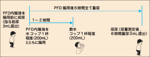 1)PFD内服液を服用する前に採尿してください。(投与前尿3mL提出) 2)PFD内服液を水200mLとともに飲水し,6時間目までの尿を全て蓄尿してください。(6時間蓄尿3mL提出) 3)6時間後に蓄尿時間と蓄尿量を明記し,投与前尿と6時間蓄尿をペアでご提出ください。 *年齢,蓄尿量および小児の場合は服用量を必ず明記してください。
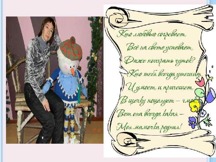 Кто на свете всех милее И теплом своим согреет, Любит больше, чем себя? Это МАМОЧКА моя.
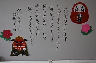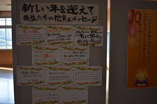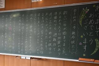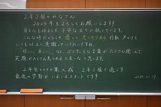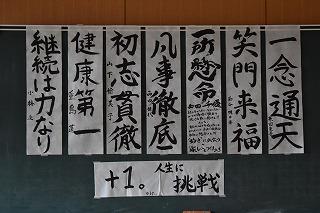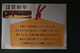 新年の書き初めが各クラスに掲示されています。力強い筆使いに感心します。それぞれの「旅立ちの春」に向けて、「新たな目標」を胸に、その目標が達成できるよう、具体的な行動を「不言実行」していきましょうね。
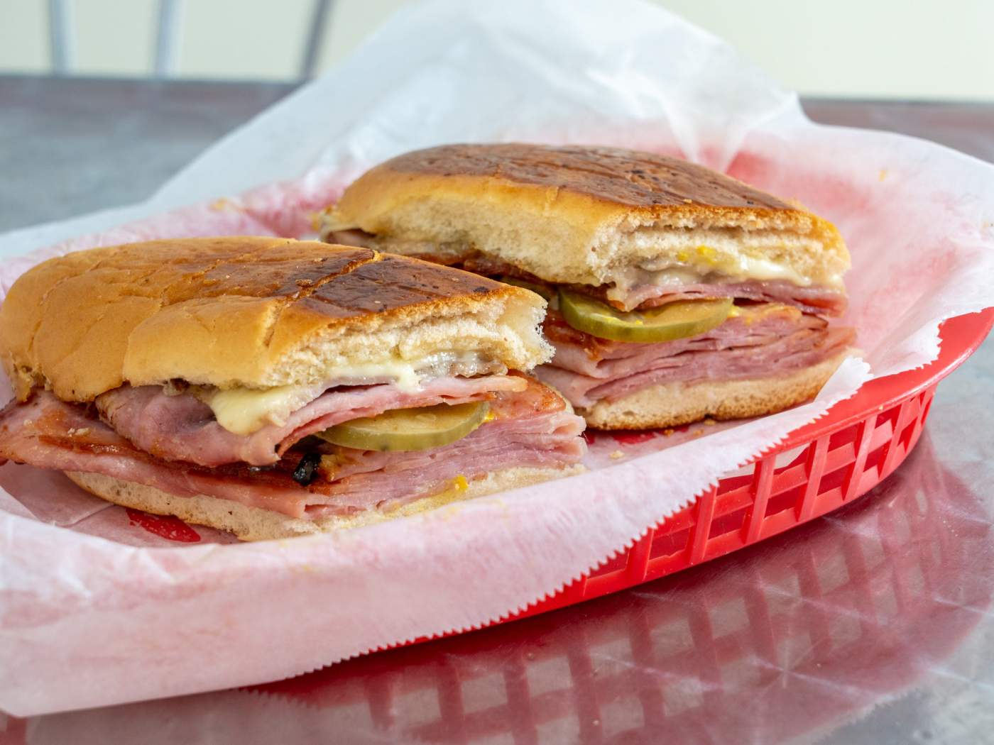 "At Enriqueta’s Sandwich Shop the fluorescent walk-up window resists modernity, and despite neighborhood change the place feels the same; their classic Cuban spills from a wax-paper-lined red basket—the Cubano Doble is a favorite, stuffed with two kinds of pork (one traditional sliced, the other pulled after being rendered with mojo and red onion) stacked between crusty Cuban bread baked locally for Enriqueta’s." - ByCarlos Frías
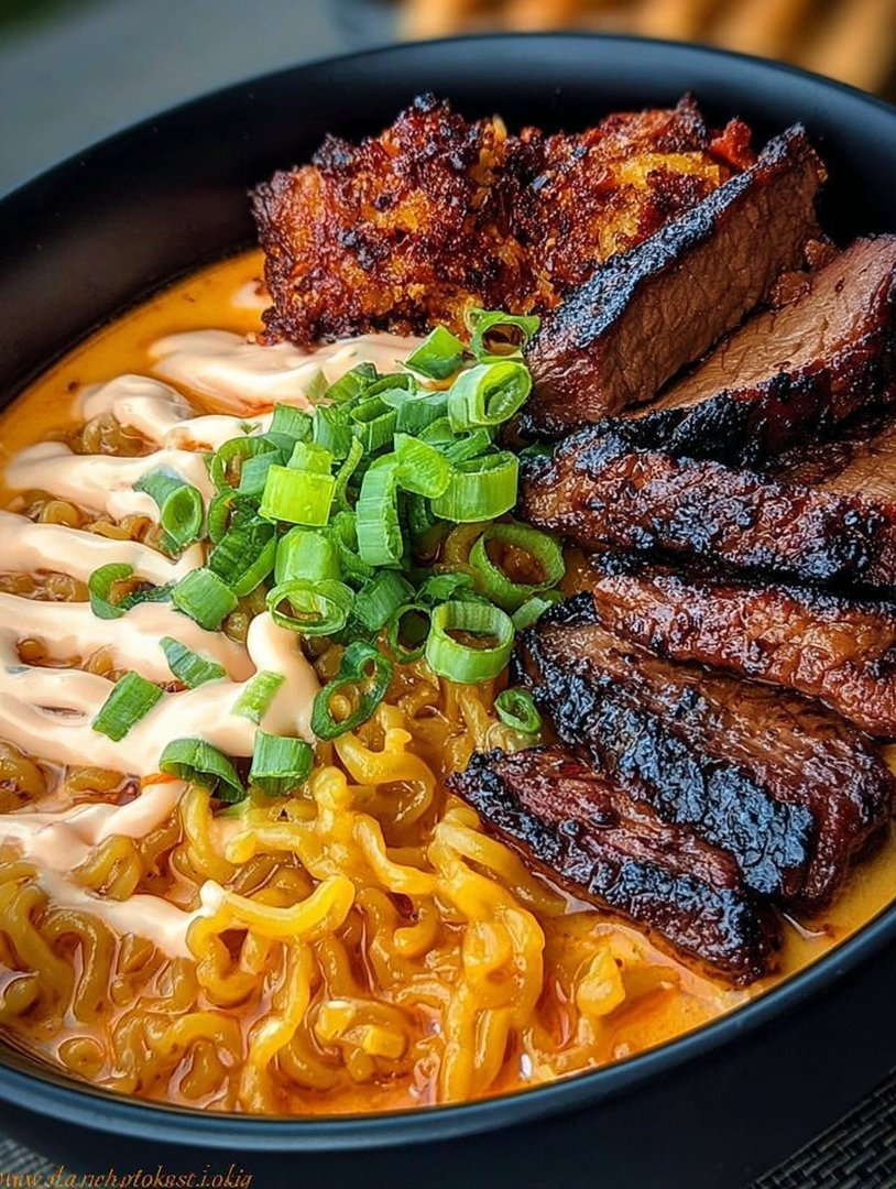 Scharfe koreanische Ramen mit gegrilltem Rindfleisch und cremiger Sauce
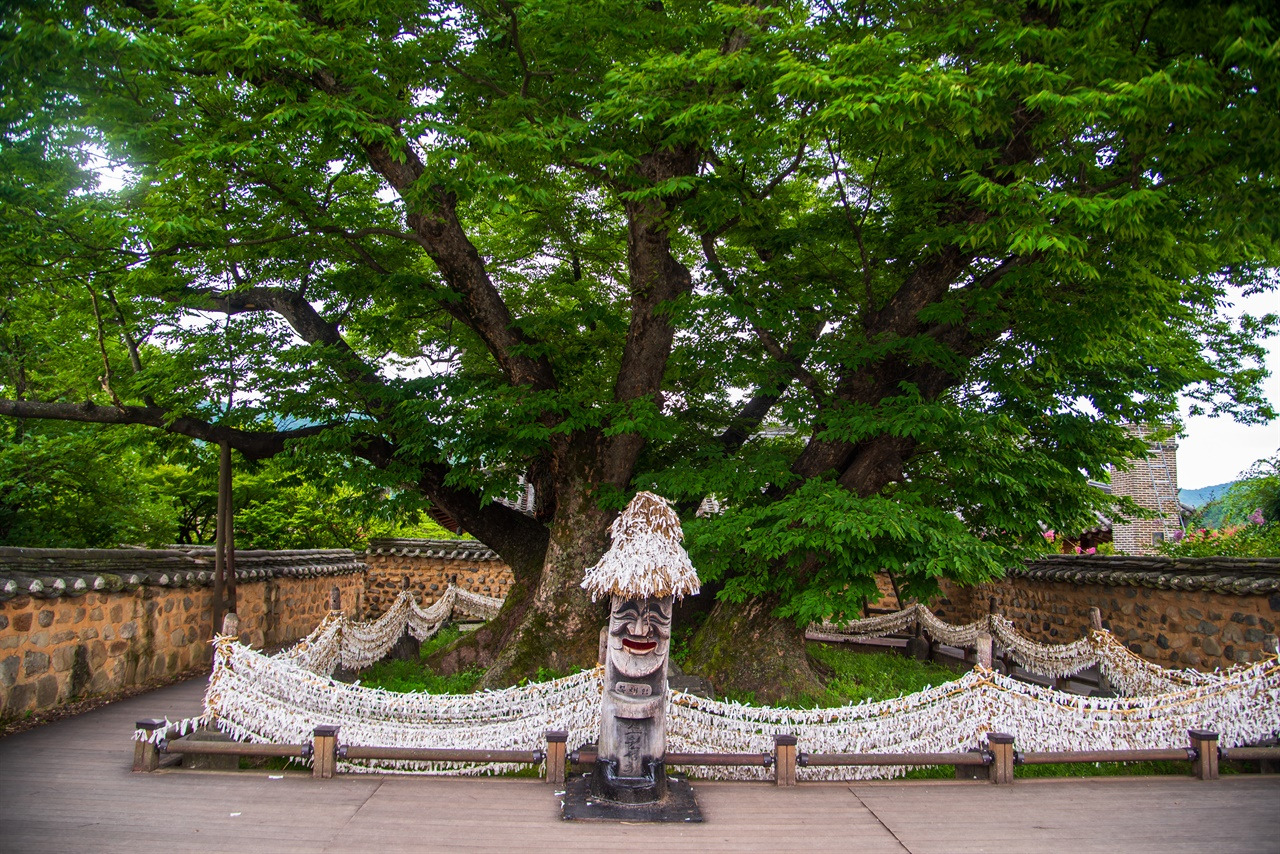 화경당 뒤편으로는 무려 600년이나 된 큰 나무가 있는데, 마을 중앙에 위치한 삼신당이다. 말 그대로 신성한 나무여서 그런지, 새끼줄 위에 사람들이 적은 소원들로 가득하다.
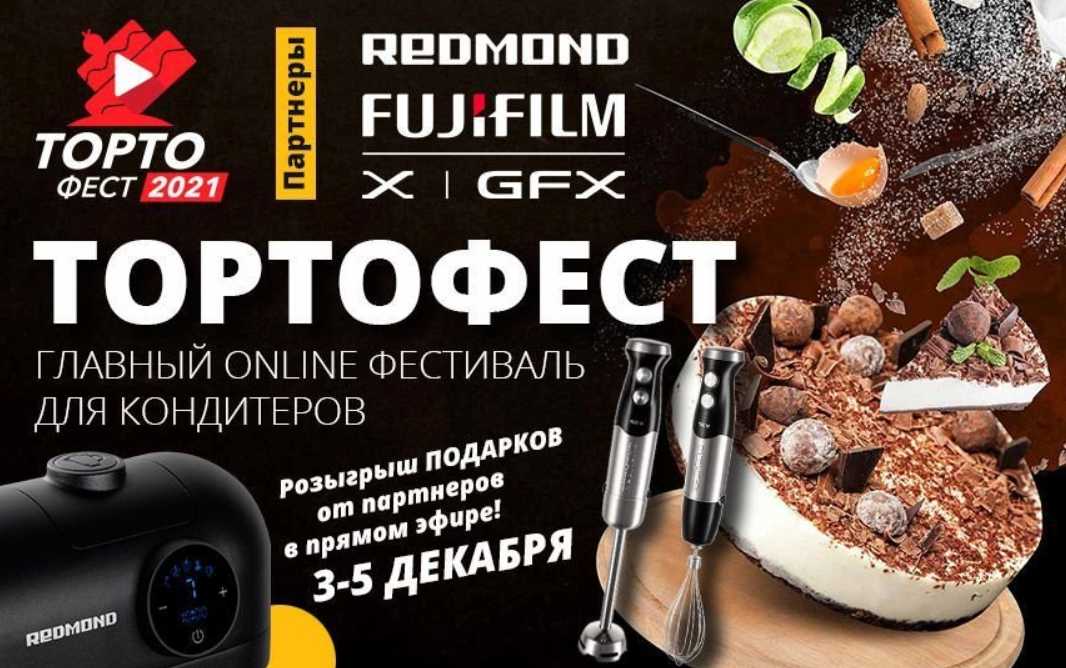 “ТОРТОФЕСТ-2021” приглашает любителей и опытных кондитеров. Главный кондитерский онлайн фестиваль снова собирает друзей. Он пройдет с 3 по 5 декабря и будет одинаково интересен и полезен любителям и профессионалам. Зарегистрироваться как участник вы можете по ссылке: https://tortofest.ru. Организаторы ждут: На фестивале “ТОРТОФЕСТ” своим профессионализмом и фирменными секретами поделятся мастера кондитерского искусства. За три дня участники: Ну и, конечно же, три фестивальных дня зарядят энергией и мотивируют к новым свершениям, потому что "ТОРТОФЕСТ 2021” - это практика и еще раз практика, интересная программа и дружеская атмосфера. На фестивале будут проведены розыгрыши с ценными призами от партнера фестиваля REDMOND, международного бренда малой бытовой техники, которые обязательно пригодятся кондитеру на кухне. Участники ТОРТОФЕСТа могут стать обладателями приборов от REDMOND: кухонная машина, три модели блендера, миксер и кухонные весы. Специалисты Fujifilm подготовили крутой инфор

▶ [REQUIREMENT]: May I have only the lines from the start of the data through the line containing "화경당 뒤편으로는 무려", both included, reproduced exactly and without the pictures?

▶ [SOLUTION FOR THIS PROBLEM]:
 1)PFD内服液を服用する前に採尿してください。(投与前尿3mL提出) 2)PFD内服液を水200mLとともに飲水し,6時間目までの尿を全て蓄尿してください。(6時間蓄尿3mL提出) 3)6時間後に蓄尿時間と蓄尿量を明記し,投与前尿と6時間蓄尿をペアでご提出ください。 *年齢,蓄尿量および小児の場合は服用量を必ず明記してください。
 Кто на свете всех милее И теплом своим согреет, Любит больше, чем себя? Это МАМОЧКА моя.
 新年の書き初めが各クラスに掲示されています。力強い筆使いに感心します。それぞれの「旅立ちの春」に向けて、「新たな目標」を胸に、その目標が達成できるよう、具体的な行動を「不言実行」していきましょうね。
 "At Enriqueta’s Sandwich Shop the fluorescent walk-up window resists modernity, and despite neighborhood change the place feels the same; their classic Cuban spills from a wax-paper-lined red basket—the Cubano Doble is a favorite, stuffed with two kinds of pork (one traditional sliced, the other pulled after being rendered with mojo and red onion) stacked between crusty Cuban bread baked locally for Enriqueta’s." - ByCarlos Frías
 Scharfe koreanische Ramen mit gegrilltem Rindfleisch und cremiger Sauce
 화경당 뒤편으로는 무려 600년이나 된 큰 나무가 있는데, 마을 중앙에 위치한 삼신당이다. 말 그대로 신성한 나무여서 그런지, 새끼줄 위에 사람들이 적은 소원들로 가득하다.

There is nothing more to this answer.